EXERCISE DESCRIPTION: Go through the entries below and print, exactly, the lines starting at the one with "Набор тарелок для" and ending at the one with "Bali Curls refresh", keeping both ends and no others.

Segment Start: SUPPLIED MATERIAL

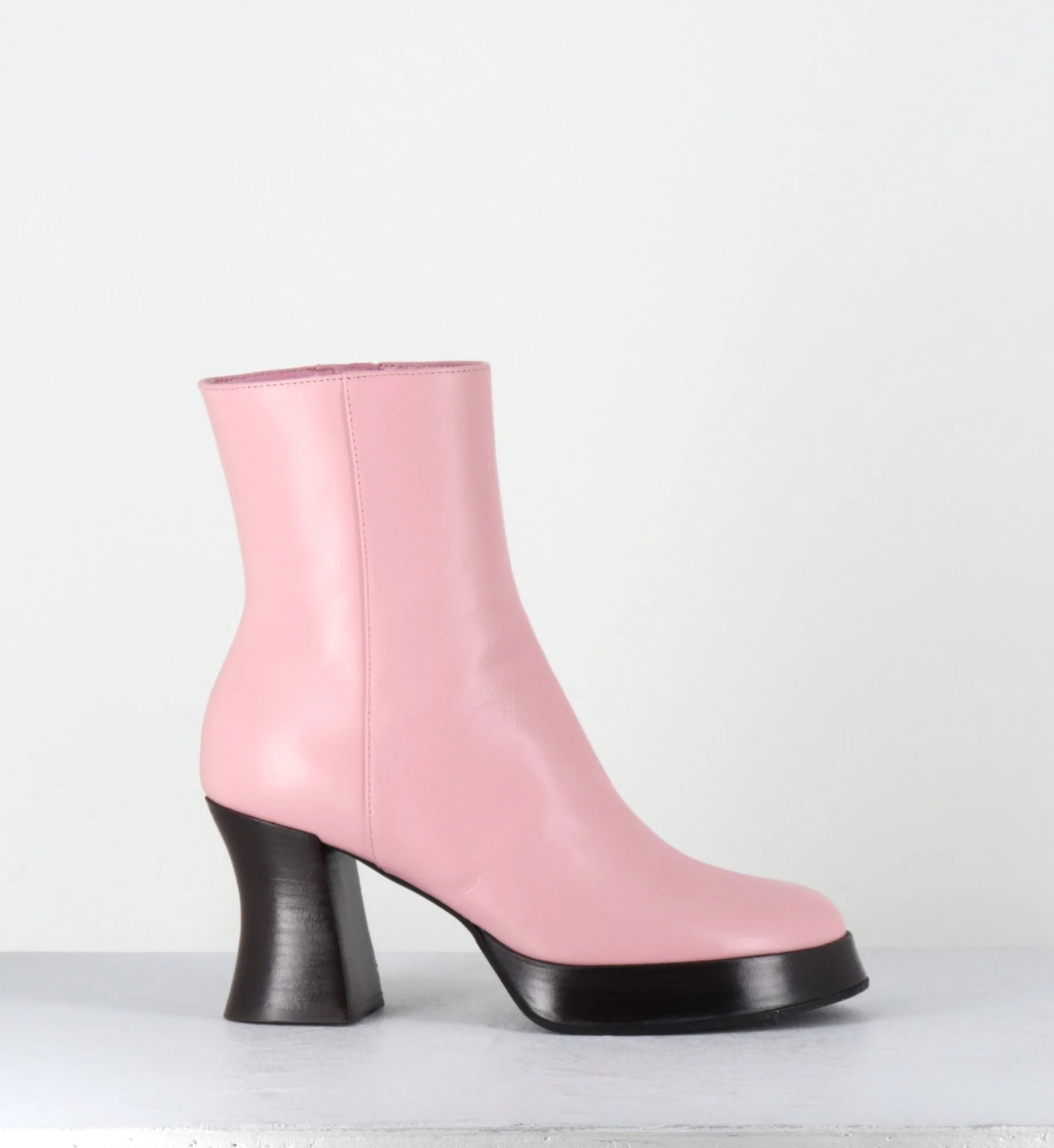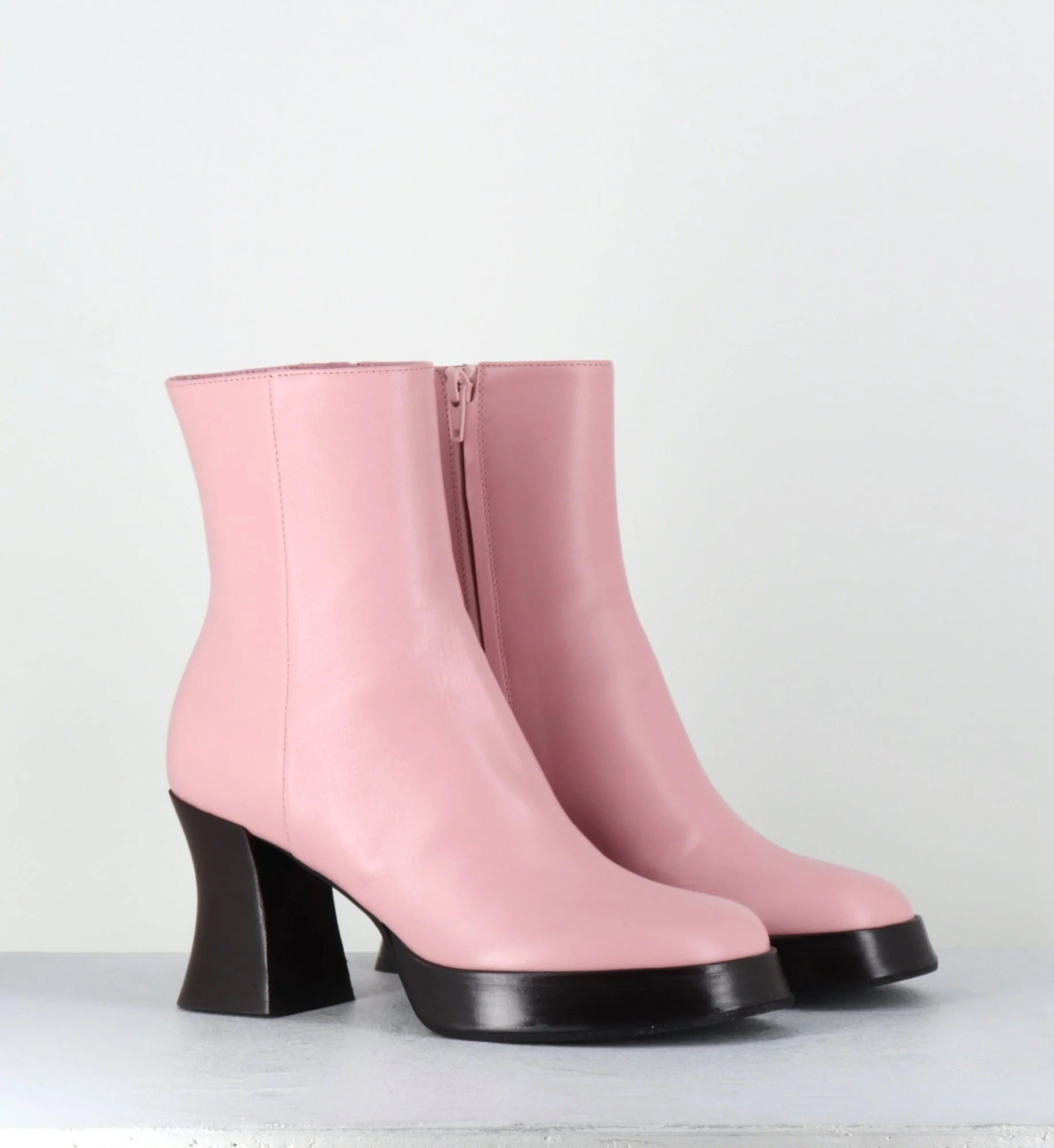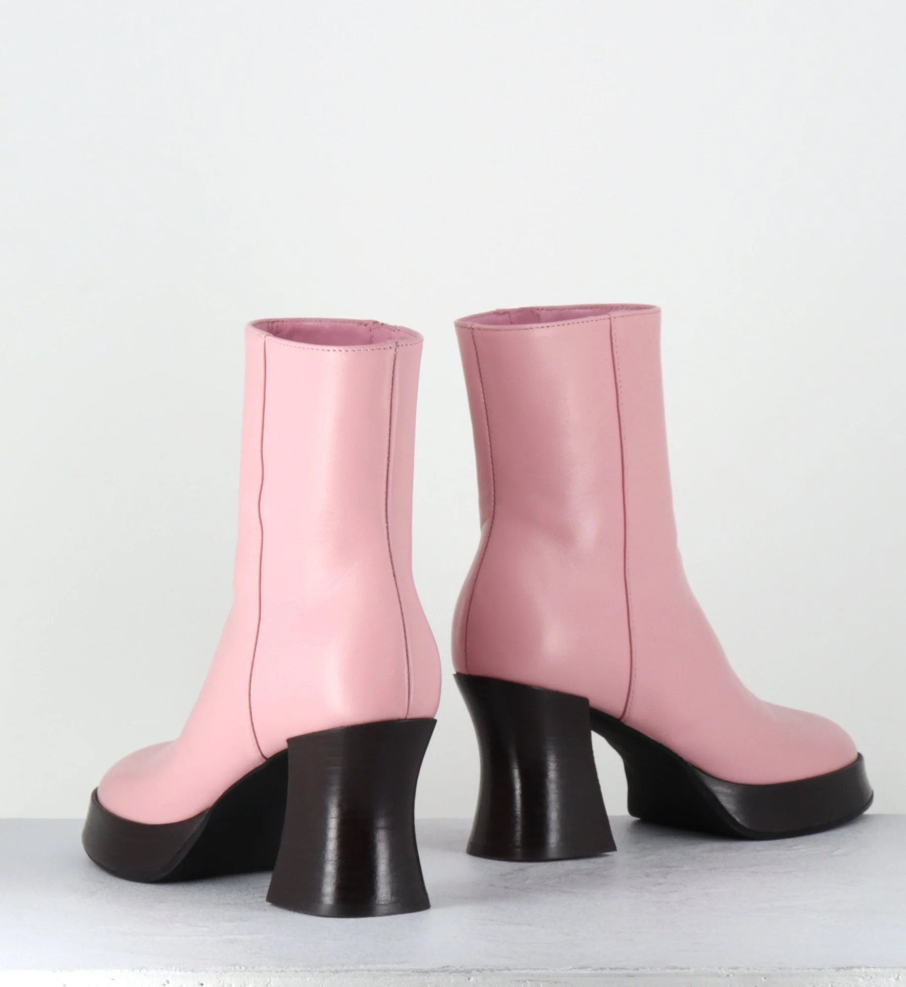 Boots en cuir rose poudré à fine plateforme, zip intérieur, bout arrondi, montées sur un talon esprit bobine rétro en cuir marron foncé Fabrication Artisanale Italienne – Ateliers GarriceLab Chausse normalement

Segment End: SUPPLIED MATERIAL
Segment Start: SUPPLIED MATERIAL

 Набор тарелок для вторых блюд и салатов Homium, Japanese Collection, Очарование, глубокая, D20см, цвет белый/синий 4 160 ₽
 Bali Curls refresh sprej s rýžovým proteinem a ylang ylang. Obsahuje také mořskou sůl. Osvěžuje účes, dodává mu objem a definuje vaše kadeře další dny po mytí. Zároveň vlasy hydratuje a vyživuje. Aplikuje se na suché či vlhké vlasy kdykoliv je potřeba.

Segment End: SUPPLIED MATERIAL
Segment Start: SUPPLIED MATERIAL

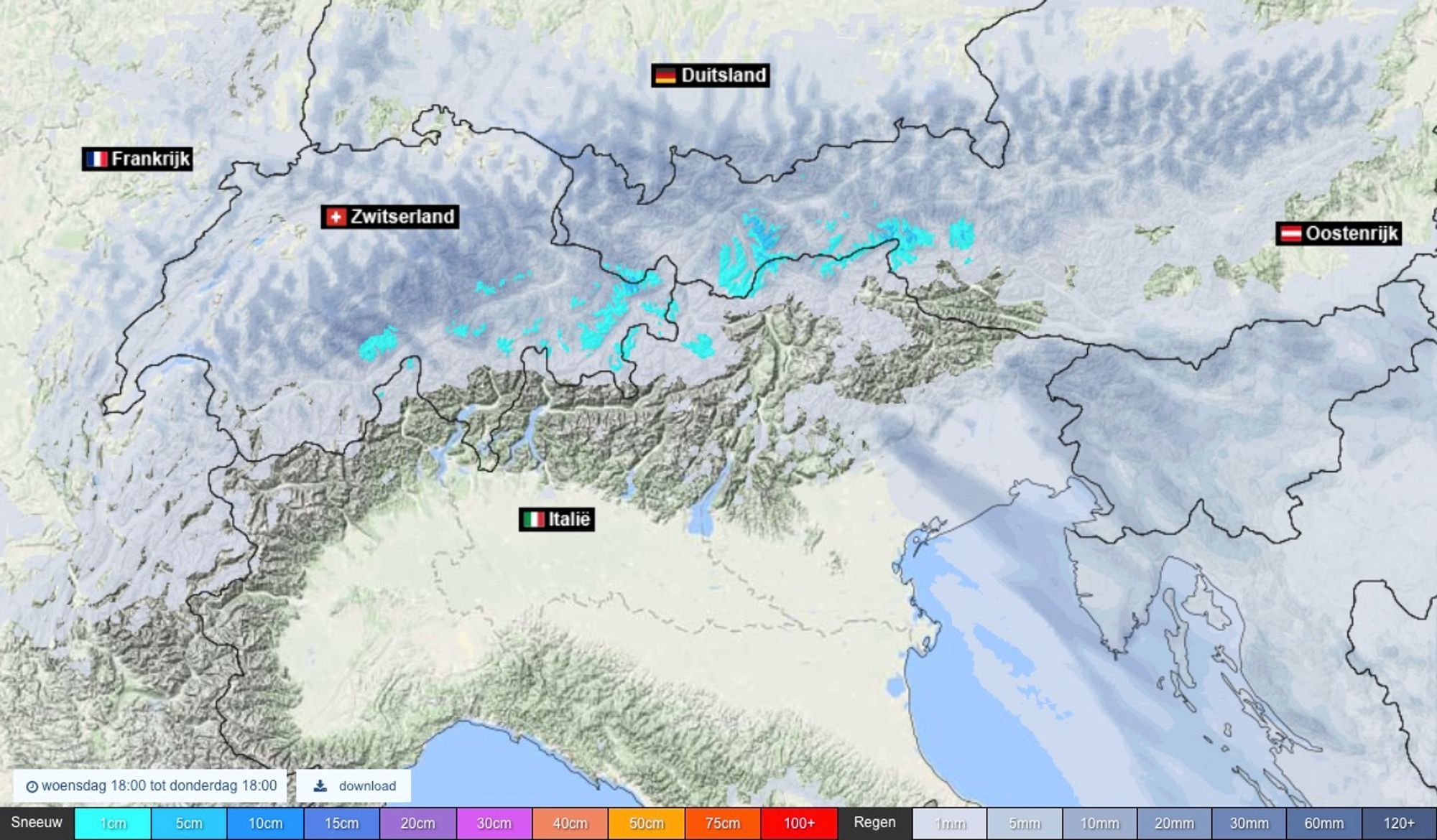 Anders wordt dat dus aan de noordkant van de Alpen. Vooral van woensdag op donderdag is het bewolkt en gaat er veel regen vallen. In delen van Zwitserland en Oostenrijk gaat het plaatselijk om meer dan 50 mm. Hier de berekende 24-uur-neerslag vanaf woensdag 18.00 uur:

Segment End: SUPPLIED MATERIAL

TASK OUTPUT:
 Набор тарелок для вторых блюд и салатов Homium, Japanese Collection, Очарование, глубокая, D20см, цвет белый/синий 4 160 ₽
 Bali Curls refresh sprej s rýžovým proteinem a ylang ylang. Obsahuje také mořskou sůl. Osvěžuje účes, dodává mu objem a definuje vaše kadeře další dny po mytí. Zároveň vlasy hydratuje a vyživuje. Aplikuje se na suché či vlhké vlasy kdykoliv je potřeba.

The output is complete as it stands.